The Morrison–Grady Plan, also known as the Morrison Plan or the Provincial Autonomy Plan was a joint Anglo-American plan announced on 31 July 1946 for the creation of a unitary federal trusteeship in Mandatory Palestine.

Following the issuance of the Anglo-American Committee of Inquiry report on 20 April 1946, a new committee was created to establish how the Anglo-American proposals would be implemented, led by British Deputy Prime Minister Herbert Morrison and US diplomat Henry F. Grady. Morrison presented the plan to the British Parliament on 31 July 1946. In the United States, President Truman's initial support for the plan changed after American Zionist lobbying against it before the November mid-term elections. The pressure from American Zionists resulted in President Truman rejecting the plan, despite it having been proposed by Truman's own appointee. The United States then had no Palestine policy.

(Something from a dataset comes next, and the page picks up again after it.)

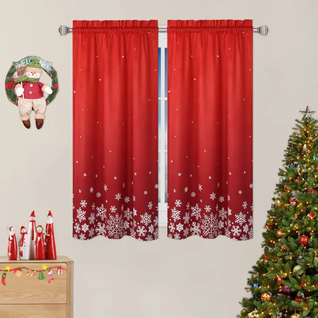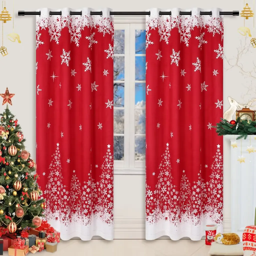 Are you dreaming of transforming your living space into a magical winter retreat this holiday season? Looking for Christmas decorations that are both elegant and easy to use? Can you picture the warm glow and festive spirit that red velvet curtains with snowflakes and Christmas trees would bring to your windows? Wouldn't it be wonderful to enjoy privacy, cozy comfort, and a touch of luxury all at once? Tired of fussy decor that's hard to install or maintain? What if you could simply hang these rich velvet panels and watch your home come to life for family and friends? Isn't it time to make this Christmas unforgettable, right from your window?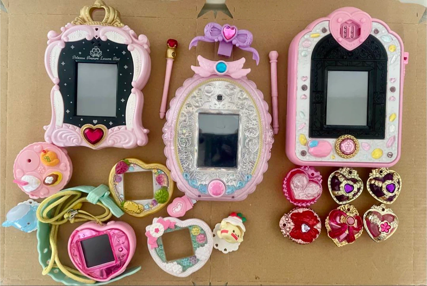 歴代の人気プリキュアおもちゃ、パッド型アイテムとウォッチ型アイテムをまとめて手に入れられる超豪華セットです! 子どもが大切に遊んだ中古品ですが、全て動作確認済みで、すぐに遊んでいただけます。 人気シリーズの変身アイテムやレッスンアイテムが一気に揃う、プリキュア好きなお子様へのプレゼントにもいかがでしょうか? 人気シリーズの主要アイテムが勢揃い! ひろがるスカイ!プリキュア:めざせ!あこがれのわたしプリキュアミラーパッド!オールスター わんだふるぷりきゅあ!:プリキュアミラーパッド わんだふるぷりきゅあ!ソフト※中身のみ発送します。 デリシャスパーティプリキュア:つくっておせわしてハートキュアウォッチ ・追加パーツ、データ デリシャスパーティプリキュア:ハートキュアウォッチ パーティアップVer. お子さまランチセット※写真参照:1つパーツ欠品あり デリシャスパーティプリキュア:ハートキュアウォッチ&ハートフルーツペンダントカバースペシャルセット※写真参照:1つパーツ欠品あり HUG(はぐ)っと!プリキュア:おしごといろいろ! プリキュアミライパッド Go! プリンセスプリキュア:プリンセスプリキュアレッスンパッド 商品の状態について 【動作確認済】全ての本体について、出品前に電源が入り、ゲームモードや各種操作ができることを確認済みです。 タッチペンなど、写真に写っている付属品は全てお付けします。 データは全て初期化済みです。 細かなスレや小傷、使用感があります。液晶部分にもスレや小傷がある場合がありますので、写真で状態をよくご確認ください。 箱や説明書は付属しません。写真に写っているものが全てです。 デリシャスパーティプリキュアの2商品にパーツ欠品があります。詳細は写真をご確認ください。遊ぶ上での大きな支障はないですが、ご了承ください。 ご購入にあたってのお願い。 電池は抜きます。 出品にあたり動作確認はしておりますが、あくまで中古品のため、万が一動作しない、一部機能が使えないなどの不具合があった場合も、返品、返金は対応できませんので、ご理解いただける方のみご購入ください。

The plan became the point of departure for the London Conference of 1946–47, convened by the British on 1 October 1946.

Details

Under the terms of the plan, Jewish and Arab provinces would exercise self-rule under British oversight, and Jerusalem and the Negev would remain under direct British control.

Reactions
The Arab states discussed the plan with the British at the London Conference of 1946–47, rejected the plan on the grounds that it would lead to partition and instead proposed an independent unitary state.
 
The Jews refused to attend the conference since they had rejected the provisional autonomy plan at a separate Zionist conference. They made attendance conditioned on having their detained leaders released to represent them at the table, which the British did not permit.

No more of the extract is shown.